Una alternativa que se puso en marcha en muchísimos países, con resultados favorables, son las escuelas privadas no aranceladas. Como su nombre lo indica, son instituciones que no cobran un arancel, es decir, sus alumnos no abonan mensualmente una cuota, pero son financiadas por entes privados. Los mismos pueden ser empresas, ONGs o incluso ciudadanos particulares, quienes deciden contribuir a cambio de reducciones en sus impuestos. Pero lo que más diferencia a este tipo de escuelas de las escuelas públicas tradicionales, es que están dotadas de una mayor autonomía en la gestión de sus recursos, el diseño de sus currículas, la formación y selección de sus docentes, entre muchas otras cosas.
Un ejemplo en la región de este tipo de escuelas es la Fundación Impulso, ubicada en Casavalle, una zona vulnerable de Uruguay. En Casavalle, el número de egresados de escuela secundaria es menor que el 1%. Hoy, luego de 10 años de trayectoria, ya son muchos los exalumnos que han iniciado sus estudios terciarios y/o universitarios, y muchos han ingresado al mercado laboral. Hace unas semanas viajé a conocer esta institución para entender un poco más cómo están logrando transformar el barrio.
En Impulso el ingreso es por sorteo y sin examen previo. Es una escuela de tiempo completo, que incluye el desayuno, almuerzo y merienda. Además, ofrece espacios extracurriculares donde se brindan talleres y la formación en inglés es de alto nivel. El equipo docente es capacitado permanentemente con técnicas modernas de enseñanza. Los alumnos y sus familias desarrollan un gran compromiso, entusiasmo e ilusión que se visibilizan en su crecimiento personal. Todos, en su conjunto, entienden que la única salida es la educación.
Para avanzar en su desarrollo, los alumnos deben esforzarse, aspirar a ser mejores, sea cual sea su pasado y presente; los padres o responsables deben apoyarlos en este camino que emprenden y apoyar a la escuela. Los docentes, pieza fundamental de esta institución, tienen un solo objetivo principal: el aprendizaje integral de los alumnos. Es su responsabilidad de que allí aprendan con altas exigencias y estándares de excelencia. No hay excusas para no aprender.

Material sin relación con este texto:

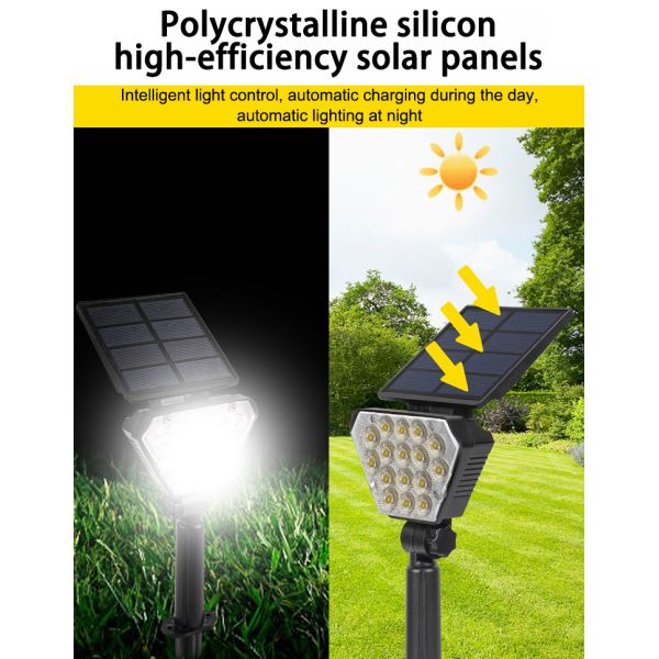 16LED Solar Lawn Light 12W Super Bright Beads Double Angle Adjustable With Removable Rod Images |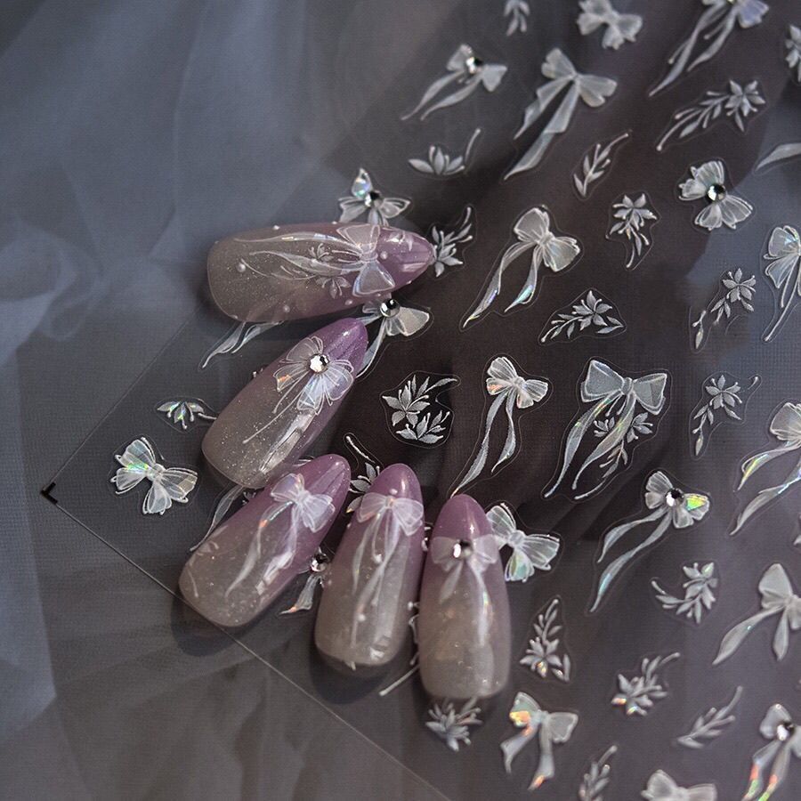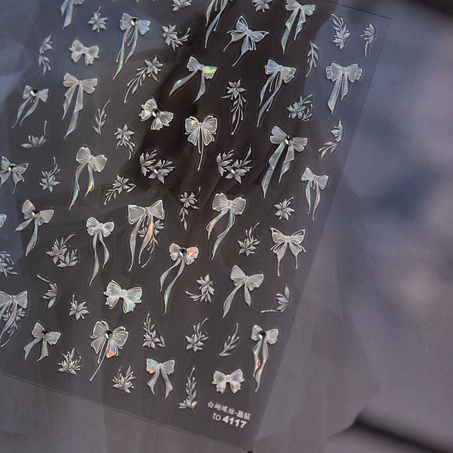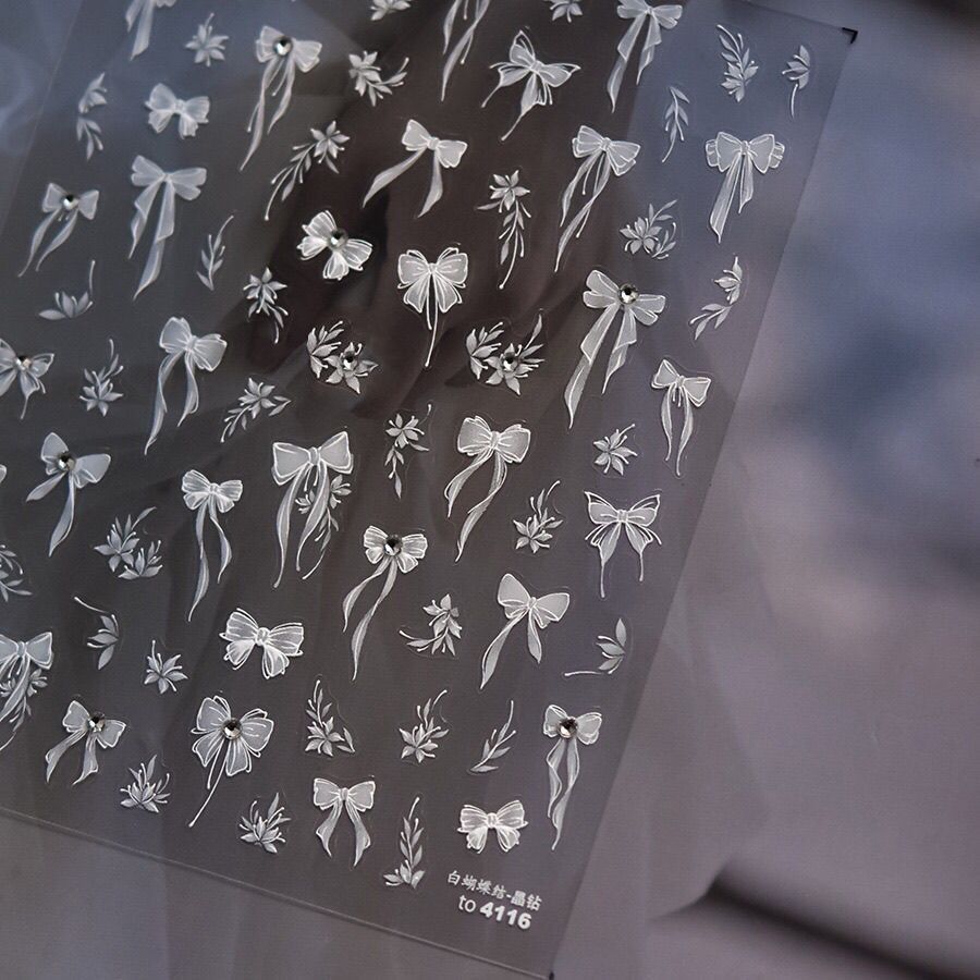晶钻贝壳光白蝴蝶结美甲贴网红ins珍珠优雅流苏长蝴蝶结指甲装饰

Una de las cosas que me impactó de la visita fue la trascendencia que se le da al orden, los límites, las rutinas. Considerando las nuevas tendencias de aprendizaje basado en la autogestión del tiempo, las metodologías dinámicas con espacios comunes y amplia independencia del alumno, fue a priori chocante ver filas, horarios, requisitos estrictos de presencia física y vestimenta, de lenguaje, y otras formalidades. Ante mi desconcierto, el director me explicó brevemente que “en contextos de inestabilidad y ausencia de estructura familiar, es necesario aprender e interiorizar rutinas, pautas de convivencia, modales, límites y respeto”. Sin estos valores sería imposible lograr una inserción adecuada al mundo laboral.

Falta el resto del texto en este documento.